Ragazzi sono disperato ho caldo, sono stanco e ho bisgono del vostro aiuto!  Sto traducendo un book sulle acconciature, posso fare riferimento allo spagnolo ma non lo so  no il probelma vero è che non capisco la terminologia...Allora se si parla di colorare i capelli, dopo aver applicato il "color global" che è il colore (di fondo) dice di "trazar velos" prendendo delle ciocche sottili per creare dei riflessi con toni diversi....la figura relativa mostra la ciocca sottile stesa su quella specie di carta stagnola (come per fare le meches). Ecco trazar velos significa "fare meches"...


----------



## gatogab

Trazar mechas = fare  meches
Mechas = ciocche


----------



## entrapta

Y trazar velos?


----------



## gatogab

entrapta said:


> Y trazar velos?


Buh!

Estás traduciendo del inglés al castellano, por eso te pierdes.


----------



## Neuromante

¿No será simplemente una veladora de color?

La verdad es que todas las cosas que estás poniendo me suenan más a torpeza del texto original y a poca capacidad para expresarse del que lo redactó que a un auténtico lenguaje técnico.


----------



## entrapta

Non capisco molto di quello che dite....sorry....Forse ho capito che non si esprime in maniera molto tecnica.... "velatura di colore" potrebbe essere giusto.


----------



## Waldesca

No se si te refieres a las mechas (en español).
http://www.webdelabelleza.com/cuidado-del-cabello/como-hacerte-mechas-en-casa


----------



## gatogab

Waldesca said:


> No se si te refieres a las mechas (en español).
> http://www.webdelabelleza.com/cuidado-del-cabello/como-hacerte-mechas-en-casa


 
Infatti, credo che si tratti di _"meches"._


----------



## Neuromante

Scusa, il testo originale è in spagnolo o en inglesse? Perche se fosse  cosi forse sarebbe il caso di chiedere nel foro italiano/inglesse.
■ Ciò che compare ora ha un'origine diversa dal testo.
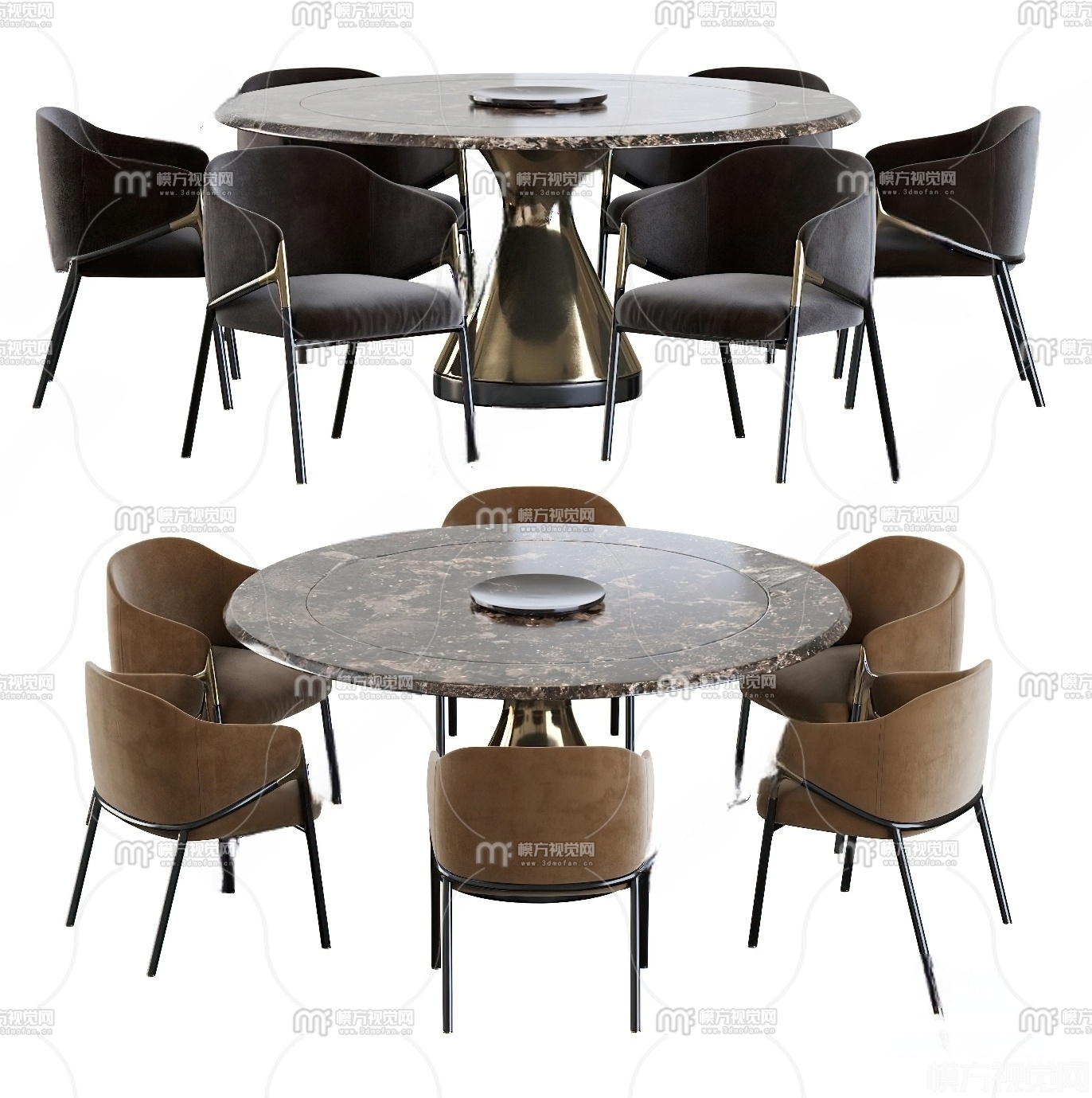 现代圆形餐桌椅组合3D模型(ID:0033459)
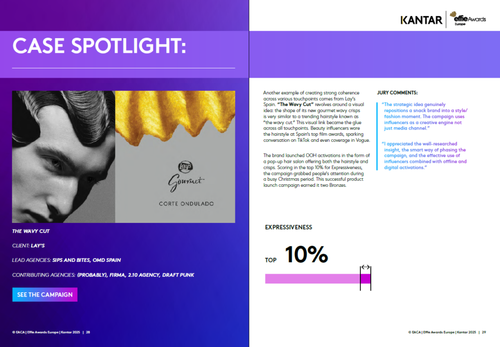 W Hiszpanii kształt nowego produktu Lay’s stał się wizualnym spoiwem kampanii, łącząc influencerów beauty, wydarzenia offline i obecność w mediach modowych – bez utraty czytelności marki. Właśnie w ten sposób Lay’s zdobył serca sędziów podczas Effie Europe i klientów szukających ulubionych przekąsek.
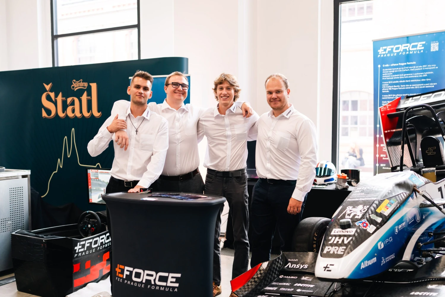 Studenti ČVUT z týmu eForce představili závodní elektroformuli a doplnili ji virtuálním simulátorem, na kterém si návštěvníci mohli vyzkoušet rychlou jízdu na okruhu.
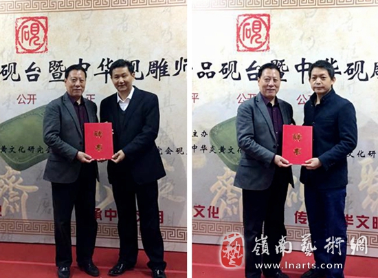 刘红军名誉会长为柳新祥(左)曹加勇(右)颁发第五届精品砚评选暨第三届中华砚雕师评选评委聘书
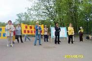 【明慧网2003年5月15日】5月13日世界法轮大法日,莫斯科和彼得堡大法学员再次来到在莫斯科中使馆前和平请愿,强烈要求中国政府停止镇压法轮功和法轮功学员,同时向路人讲清真象。学员们以此特殊的方式庆祝世界法轮大法日。学员们举着中、俄文标语:“停止
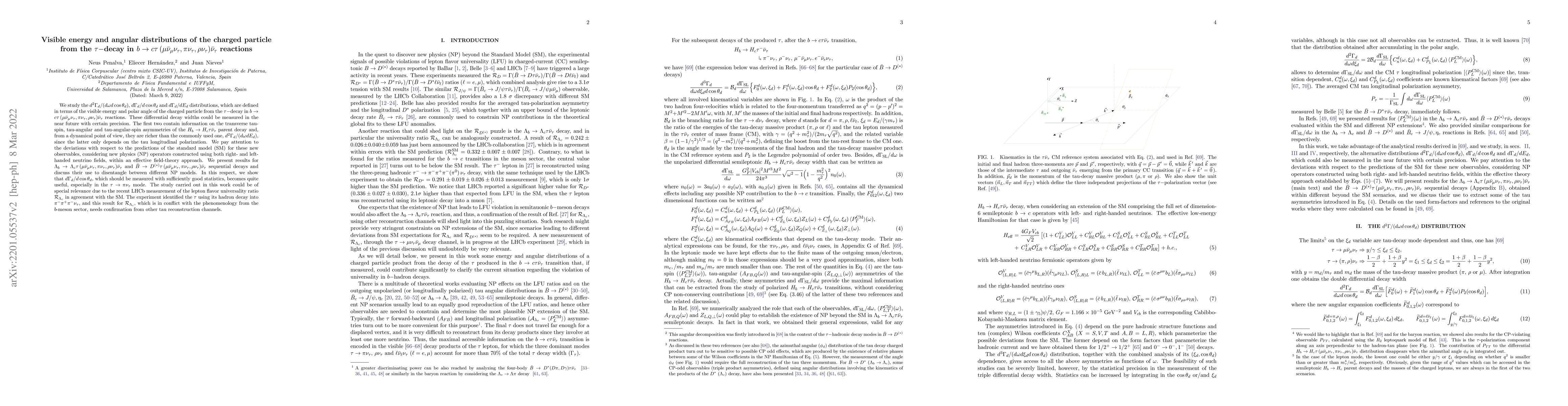 We study the $d^2 \Gamma_d /(d\omega d\cos\theta_d) $, $d\Gamma_d /d\cos\theta_d$ and $ d\Gamma_d /dE_d $ distributions, which are defined in terms of the visible energy and polar angle of the charged particle from the $\tau-$decay in $b\to c \tau\, (\mu \bar \nu_\mu \nu_\tau,\pi \nu_\tau,\rho\nu_\tau) \bar\nu_\tau$ reactions. The first two contain information on the transverse tau-spin, tau-angular and tau-angular-spin asymmetries of the $H_b\to H_c\tau\bar\nu_\tau$ parent decay and, from a dynamical point of view, they are richer than the commonly used one, $d^2 \Gamma_d /(d\omega dE_d) $, since the latter only depends on the tau longitudinal polarization. We pay attention to the deviations with respect to the predictions of the standard model (SM) for these new observables, considering new physics (NP) operators constructed using both right- and left-handed neutrino fields, within an effective field-theory approach. We present results for $\Lambda_b\to\Lambda_c\tau\, (\mu \bar \nu_\mu \nu_\tau,\pi\nu_\tau,\rho\nu_\tau)\bar\nu_\tau$ and $\bar B \to D^{(*)}\tau\, (\mu \bar \nu_\mu \nu_\tau,\pi\nu_\tau,\rho\nu_\tau) \bar\nu_\tau$ sequential decays and discuss their use to disentangle between different NP models. In this respect, we show that $d\Gamma_d /d\cos\theta_d$, which should be measured with sufficiently good statistics, becomes quite useful, especially in the $\tau\to \pi \nu_\tau$ mode. The study carried out in this work could be of special relevance due to the recent LHCb measurement of the lepton flavor universality ratio ${\cal R}_{\Lambda_c}$ in agreement with the SM. The experiment identified the $\tau$ using its hadron decay into $\pi^-\pi^+\pi^-\nu_\tau$, and this result for ${\cal R}_{\Lambda_c}$, which is in conflict with the phenomenology from the $b$-meson sector, needs confirmation from other tau reconstruction channels.

Ad ogni caso io penso si riferisca a "velature di colore"; un colore messo in forma transparente in modo tale che dia soltanto una piccola sfumatura a un altro colore "base", per renderlo più rialistico da quelle tinture che sembrano propio una porta verniciata.
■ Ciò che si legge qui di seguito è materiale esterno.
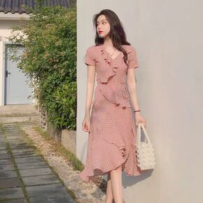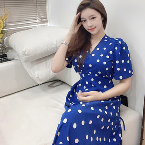 2020夏季新款台湾V领波点短袖连衣裙女收腰显瘦雪...
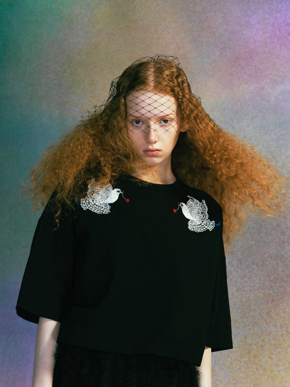 胸元に細やかな刺繍で表現したリールをシンメトリーに配し、着やすいカットソーに仕上げています。
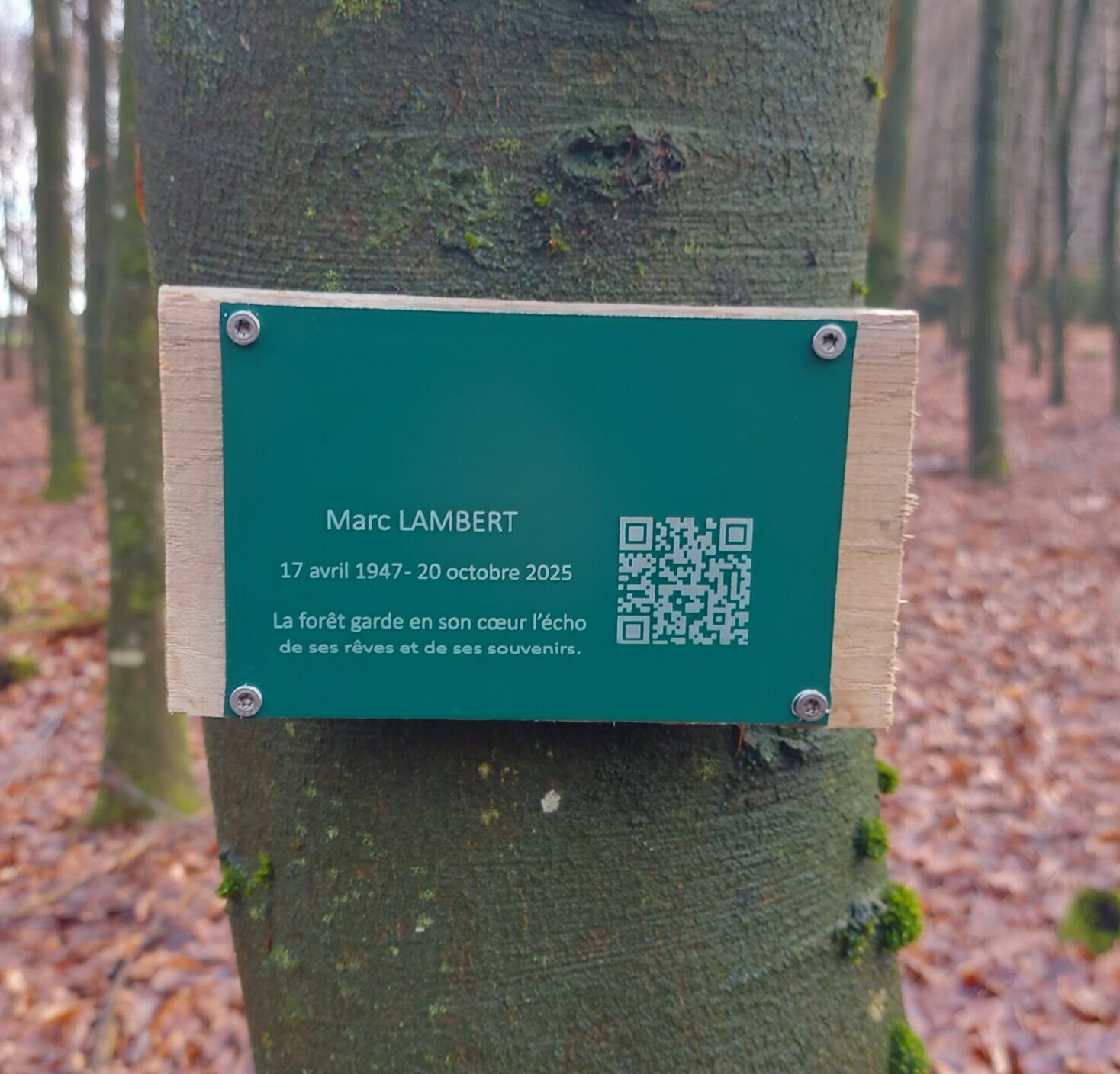 - Plaquette commémorative personnalisée posée sur l’arbre

Nulla a che fare con le meches





Non puo essere "trazar velos" sarebbe como dire "disegnare veli"


----------



## entrapta

Dici che è disegnare/tracciare velature? Il testo FONTE è ES poi è stato tradotto (forse male) in EN quindi originariamente "trazar velos" (non l'ho scritto io!)---> trace veils (nemmeno!)


----------



## Angel.Aura

Ciao entrapta,
Ti chiedo la cortesia di evitare la triangolazione con l'inglese, qui su Italiano-Spagnolo.
Grazie.

Laura
_Moderatrice_


----------



## entrapta

Il discorso è che continuano a chiedermi se ho tradotto dall'inglese.-..mica facile....Era solo per dare un elemento in più.


----------



## Neuromante

Allora, a me stà chiaro: Il testo spagnolo è stato scrito da uno con un livelo culturale così così, uno che scambia "parlare raro" con "essere profesionista". O che tenta di dare una spinta a la sua professione con dei termini non propio comprensibili.


----------



## entrapta

Capito grazie. Anche il testo in inglese non mi pare fatto benissimo.


----------